No longer need to be defensive

Goodbye old you when love
when love is true...

With “I do”, I bid goodbye to Miss Flemming. Not with feelings of loss, either. Like the completion of a chapter, I turned the page. Memories intact, lessons learned… not all tied up in a neat package, of course. Nevertheless, on October 24, 2008, I finished being a Flemming, and wrapped myself in De Freitas.

So despite the negative comments I’ve received from overly critical co-workers and associates intent on sharing their opinion that I’ll always be a “Flemming,” I am Alisha De Freitas. And it fits me much better than Miss Independent ever did.

(You can see Kelly Clarkson's "Miss Independent" here.)


Anonymous said...


I have been married for 2 1/2 years and people still refuse to acknowledge my married name (see my work mailbox for proof), so I can relate.

I can also commiserate with having a less than attractive first (often mispelt as well) and last name . My childhood was also filled with kids (and sometimes tecahers...yes, teachers) coming up with clever new uses for manipulating ny names to mock me.

So, as you can imaging, I was pretty pumped that i could change my name when I finally got married. I knew that I would have to find a guy who's name worked perfectly with mine ( hence my break-up from John Byrd in college).

However, what I didn't realize is that I would fall in love with someone whose name doesn't work perfectly with mine...in fact, it makes me sound like a local news anchor. Yet, I still never considered a hyphenated name for the same reasons as you. Although I know it's just a name and it doesn't define me or say anything about who I really am, I am proud to be a Roebuck...just as I was proud to be a Colas for all those years (despite the teasing). My name is my link to my past and to my future...

Anyway,,,keep writing and making me smile and I'll try to keep commenting.

Love ya,
Robyn Victoria Elizabeth Colas Roebuck

Alisha De Freitas said...

Yay, First Comment!
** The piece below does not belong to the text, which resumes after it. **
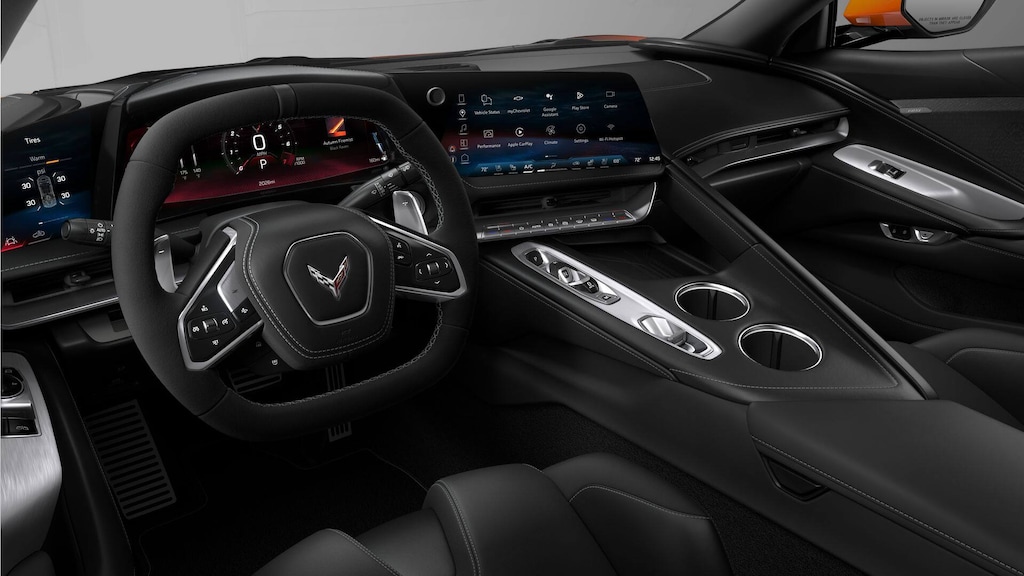 10 Speakers, 4-Wheel Disc Brakes, 8-Way Power Driver Seat Adjuster, 8-Way Power Passenger Seat Adjuster, ABS brakes, Air Conditioning, Alloy wheels, AM/FM radio: SiriusXM, Auto High-beam Headlights, Auto-dimming Rear-View mirror, Automatic temperature control, Black Exhaust Tips, Brake assist, Bumpers: body-color, Compass, Competition Sport Bucket Seats, Delay-off headlights, Driver door bin, Driver vanity mirror, Dual front impact airbags, Dual front side impact airbags, Electronic Stability Control, Emergency communication system: OnStar and Chevrolet connected services capable, Four wheel independent suspension, Front anti-roll bar, Front Bucket Seats, Front Center Armrest, Front dual zone A/C, Front License Plate Bracket, Front reading lights, Fully automatic headlights, GT1 Bucket Seats, Heated door mirrors, Illuminated entry, Leather Shift Knob, Leather steering wheel, Low tire pressure warning, Mulan Leather Seating Surfaces with Perforated Inserts, Navigation System, Occupant sensing airbag, Orange Seat Belt Color, Outside temperature display, Overhead console, Panic alarm, Passenger door bin, Passenger vanity mirror, Performance Exhaust with Stainless-Steel Tips, Power door mirrors, Power driver seat, Power passenger seat, Power steering, Power windows, Preferred Equipment Group 1LT, Premium audio system: Chevrolet Infotainment 3 Plus, Radio data system, Radio: Infotainment System with Google Built-in, Rear anti-roll bar, Rear window defroster, Remote keyless entry, Speed control, Speed-sensing steering, Sport steering wheel, Steering wheel mounted audio controls, Sueded Microfiber-Wrapped Steering Wheel, Tachometer, Telescoping steering wheel, Tilt steering wheel, Traction control, Trip computer, Turn signal indicator mirrors, Variably intermittent wipers, Voltmeter, Wheels: 19 x 8.5 Front and 20 x 11 Rear 5-Split-Spoke.

LMBO @ "John Byrd". I love how your middle names are the names of British queens... quite royal.

I'm glad you got my point. This entry was no way a jab at the women who choose to either keep their maiden names or hyphenate. They made valid choices, just as you and I did, too. You summed it perfectly by writing "My name is my link to my past and to my future...".

Thanks for reading... I think I have SIX readers now! Love you, too!